- **PROBLEM**: Given the listing below, write out exactly the lines starting with the line that has "最後,岑浩輝與一眾主禮嘉賓共" and going on through the line that has "Haus Tuenta ligt", both kept.

....

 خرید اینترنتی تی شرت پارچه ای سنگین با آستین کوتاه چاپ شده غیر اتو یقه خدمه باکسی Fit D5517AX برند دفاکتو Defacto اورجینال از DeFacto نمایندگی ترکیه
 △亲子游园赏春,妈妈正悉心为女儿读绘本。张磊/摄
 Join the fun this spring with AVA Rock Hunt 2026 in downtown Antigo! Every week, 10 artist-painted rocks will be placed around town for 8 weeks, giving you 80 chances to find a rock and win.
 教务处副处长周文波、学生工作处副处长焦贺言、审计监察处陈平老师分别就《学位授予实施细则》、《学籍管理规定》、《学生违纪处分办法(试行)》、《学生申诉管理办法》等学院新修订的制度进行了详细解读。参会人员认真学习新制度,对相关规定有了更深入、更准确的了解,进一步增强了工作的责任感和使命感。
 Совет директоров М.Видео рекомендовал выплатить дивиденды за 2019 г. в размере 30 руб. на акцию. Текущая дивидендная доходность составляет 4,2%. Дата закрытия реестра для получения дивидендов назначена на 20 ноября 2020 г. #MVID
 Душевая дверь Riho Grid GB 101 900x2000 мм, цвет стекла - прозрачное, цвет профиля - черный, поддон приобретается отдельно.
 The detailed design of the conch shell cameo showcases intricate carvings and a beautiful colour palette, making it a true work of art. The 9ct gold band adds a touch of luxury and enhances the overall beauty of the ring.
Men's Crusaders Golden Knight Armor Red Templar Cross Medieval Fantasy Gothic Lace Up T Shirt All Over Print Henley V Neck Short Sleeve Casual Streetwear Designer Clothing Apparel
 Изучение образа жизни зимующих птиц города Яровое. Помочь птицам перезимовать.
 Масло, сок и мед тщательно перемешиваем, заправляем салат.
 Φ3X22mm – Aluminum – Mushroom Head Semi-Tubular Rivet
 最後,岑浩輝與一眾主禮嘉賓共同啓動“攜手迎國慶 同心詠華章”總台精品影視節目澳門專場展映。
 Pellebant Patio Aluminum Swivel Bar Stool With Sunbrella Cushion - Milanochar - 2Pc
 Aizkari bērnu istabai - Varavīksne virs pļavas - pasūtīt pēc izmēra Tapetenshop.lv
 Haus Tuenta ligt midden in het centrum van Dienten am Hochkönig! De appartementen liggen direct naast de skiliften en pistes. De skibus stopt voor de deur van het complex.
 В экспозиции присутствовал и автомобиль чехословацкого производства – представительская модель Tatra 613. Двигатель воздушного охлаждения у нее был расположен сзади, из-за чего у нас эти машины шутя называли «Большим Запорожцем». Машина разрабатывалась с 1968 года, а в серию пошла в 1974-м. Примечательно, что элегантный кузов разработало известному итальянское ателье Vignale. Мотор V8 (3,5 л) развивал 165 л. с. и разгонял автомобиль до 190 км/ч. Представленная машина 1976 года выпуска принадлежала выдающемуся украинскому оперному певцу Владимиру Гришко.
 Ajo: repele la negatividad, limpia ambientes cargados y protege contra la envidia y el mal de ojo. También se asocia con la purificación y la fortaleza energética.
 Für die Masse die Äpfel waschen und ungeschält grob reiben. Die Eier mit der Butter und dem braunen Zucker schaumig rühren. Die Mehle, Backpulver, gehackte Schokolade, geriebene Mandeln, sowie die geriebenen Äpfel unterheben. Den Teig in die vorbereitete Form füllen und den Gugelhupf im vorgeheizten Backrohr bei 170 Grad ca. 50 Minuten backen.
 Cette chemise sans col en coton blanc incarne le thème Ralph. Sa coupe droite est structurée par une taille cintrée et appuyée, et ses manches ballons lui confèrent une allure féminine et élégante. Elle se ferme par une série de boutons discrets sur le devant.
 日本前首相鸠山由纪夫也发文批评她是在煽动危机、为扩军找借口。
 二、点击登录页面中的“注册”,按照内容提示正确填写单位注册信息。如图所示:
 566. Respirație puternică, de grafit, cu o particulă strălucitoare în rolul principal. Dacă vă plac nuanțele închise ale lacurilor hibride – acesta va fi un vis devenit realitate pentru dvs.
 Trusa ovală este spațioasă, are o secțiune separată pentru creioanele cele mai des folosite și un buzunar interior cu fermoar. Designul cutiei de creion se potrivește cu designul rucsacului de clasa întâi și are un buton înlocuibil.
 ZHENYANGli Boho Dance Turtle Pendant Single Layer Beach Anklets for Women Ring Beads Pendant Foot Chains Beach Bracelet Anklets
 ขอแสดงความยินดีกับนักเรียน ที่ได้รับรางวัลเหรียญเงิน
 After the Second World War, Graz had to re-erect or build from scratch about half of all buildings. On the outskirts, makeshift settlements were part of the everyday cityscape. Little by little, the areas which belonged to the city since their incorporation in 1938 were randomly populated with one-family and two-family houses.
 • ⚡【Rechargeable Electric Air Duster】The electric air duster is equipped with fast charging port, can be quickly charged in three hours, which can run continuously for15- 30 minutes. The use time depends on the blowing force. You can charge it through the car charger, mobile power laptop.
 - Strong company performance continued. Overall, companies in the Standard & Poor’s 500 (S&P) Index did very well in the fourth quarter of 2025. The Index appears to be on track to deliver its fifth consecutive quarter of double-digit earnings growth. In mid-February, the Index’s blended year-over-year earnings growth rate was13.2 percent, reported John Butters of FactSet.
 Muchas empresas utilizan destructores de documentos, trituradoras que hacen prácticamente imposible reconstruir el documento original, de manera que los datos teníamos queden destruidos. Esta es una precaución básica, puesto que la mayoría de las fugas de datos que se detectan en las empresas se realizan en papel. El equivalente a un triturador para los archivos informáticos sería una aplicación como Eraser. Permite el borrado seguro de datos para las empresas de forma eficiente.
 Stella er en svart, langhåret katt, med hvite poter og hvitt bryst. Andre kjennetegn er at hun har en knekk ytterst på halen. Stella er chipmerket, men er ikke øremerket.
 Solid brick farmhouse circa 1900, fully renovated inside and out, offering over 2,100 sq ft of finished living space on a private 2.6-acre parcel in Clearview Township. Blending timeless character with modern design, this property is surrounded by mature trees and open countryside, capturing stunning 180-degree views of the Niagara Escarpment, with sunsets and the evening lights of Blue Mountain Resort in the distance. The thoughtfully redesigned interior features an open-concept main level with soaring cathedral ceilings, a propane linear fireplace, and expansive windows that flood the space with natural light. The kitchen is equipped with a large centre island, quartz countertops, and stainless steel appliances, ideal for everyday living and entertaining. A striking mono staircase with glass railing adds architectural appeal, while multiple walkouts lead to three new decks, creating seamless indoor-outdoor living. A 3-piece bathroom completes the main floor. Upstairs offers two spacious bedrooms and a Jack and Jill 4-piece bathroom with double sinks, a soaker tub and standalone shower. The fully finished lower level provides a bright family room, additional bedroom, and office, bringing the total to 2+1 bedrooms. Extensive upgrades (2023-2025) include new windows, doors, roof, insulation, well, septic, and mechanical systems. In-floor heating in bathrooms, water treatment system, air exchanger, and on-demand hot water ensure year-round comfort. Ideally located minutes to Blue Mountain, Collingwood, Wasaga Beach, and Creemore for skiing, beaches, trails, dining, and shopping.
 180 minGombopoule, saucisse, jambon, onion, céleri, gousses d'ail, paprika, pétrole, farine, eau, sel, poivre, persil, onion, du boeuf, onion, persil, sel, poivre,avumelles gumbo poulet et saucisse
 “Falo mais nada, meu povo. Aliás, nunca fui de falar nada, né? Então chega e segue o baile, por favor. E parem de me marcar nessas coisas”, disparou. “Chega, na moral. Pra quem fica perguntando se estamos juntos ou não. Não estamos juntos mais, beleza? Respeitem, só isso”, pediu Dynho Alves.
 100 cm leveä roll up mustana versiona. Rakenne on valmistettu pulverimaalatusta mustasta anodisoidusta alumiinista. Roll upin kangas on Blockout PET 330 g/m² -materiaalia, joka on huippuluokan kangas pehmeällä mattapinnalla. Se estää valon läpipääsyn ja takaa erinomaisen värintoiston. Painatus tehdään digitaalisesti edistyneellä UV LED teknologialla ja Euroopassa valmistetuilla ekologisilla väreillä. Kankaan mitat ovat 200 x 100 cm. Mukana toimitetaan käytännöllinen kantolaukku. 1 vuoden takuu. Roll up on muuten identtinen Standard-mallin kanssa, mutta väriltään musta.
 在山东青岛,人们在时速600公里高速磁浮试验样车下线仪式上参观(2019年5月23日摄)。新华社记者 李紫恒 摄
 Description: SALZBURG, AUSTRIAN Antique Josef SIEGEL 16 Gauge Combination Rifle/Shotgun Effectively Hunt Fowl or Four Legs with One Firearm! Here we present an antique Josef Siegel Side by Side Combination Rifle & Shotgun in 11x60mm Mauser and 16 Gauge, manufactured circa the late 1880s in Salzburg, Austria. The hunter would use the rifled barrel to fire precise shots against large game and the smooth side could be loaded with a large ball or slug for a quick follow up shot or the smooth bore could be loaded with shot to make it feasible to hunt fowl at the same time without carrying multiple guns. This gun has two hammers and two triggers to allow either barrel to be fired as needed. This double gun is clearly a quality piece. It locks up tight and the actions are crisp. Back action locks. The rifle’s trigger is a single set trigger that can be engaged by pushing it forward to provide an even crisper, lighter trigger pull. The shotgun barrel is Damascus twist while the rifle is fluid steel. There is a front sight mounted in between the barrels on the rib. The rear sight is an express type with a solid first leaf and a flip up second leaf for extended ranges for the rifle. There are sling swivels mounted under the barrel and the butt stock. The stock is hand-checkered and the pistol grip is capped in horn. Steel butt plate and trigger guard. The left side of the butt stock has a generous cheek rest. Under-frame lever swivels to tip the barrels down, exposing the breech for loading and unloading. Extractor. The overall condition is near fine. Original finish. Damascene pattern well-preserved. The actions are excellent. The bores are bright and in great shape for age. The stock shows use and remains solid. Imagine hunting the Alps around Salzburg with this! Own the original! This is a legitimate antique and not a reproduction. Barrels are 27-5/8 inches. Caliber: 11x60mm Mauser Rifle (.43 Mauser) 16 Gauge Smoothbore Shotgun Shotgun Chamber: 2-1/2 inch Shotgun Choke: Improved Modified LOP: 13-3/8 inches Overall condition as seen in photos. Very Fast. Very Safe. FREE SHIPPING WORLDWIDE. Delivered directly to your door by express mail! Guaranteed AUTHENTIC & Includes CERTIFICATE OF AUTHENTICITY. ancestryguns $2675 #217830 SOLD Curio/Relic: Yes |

....

- **THE ANSWER**:
 最後,岑浩輝與一眾主禮嘉賓共同啓動“攜手迎國慶 同心詠華章”總台精品影視節目澳門專場展映。
 Pellebant Patio Aluminum Swivel Bar Stool With Sunbrella Cushion - Milanochar - 2Pc
 Aizkari bērnu istabai - Varavīksne virs pļavas - pasūtīt pēc izmēra Tapetenshop.lv
 Haus Tuenta ligt midden in het centrum van Dienten am Hochkönig! De appartementen liggen direct naast de skiliften en pistes. De skibus stopt voor de deur van het complex.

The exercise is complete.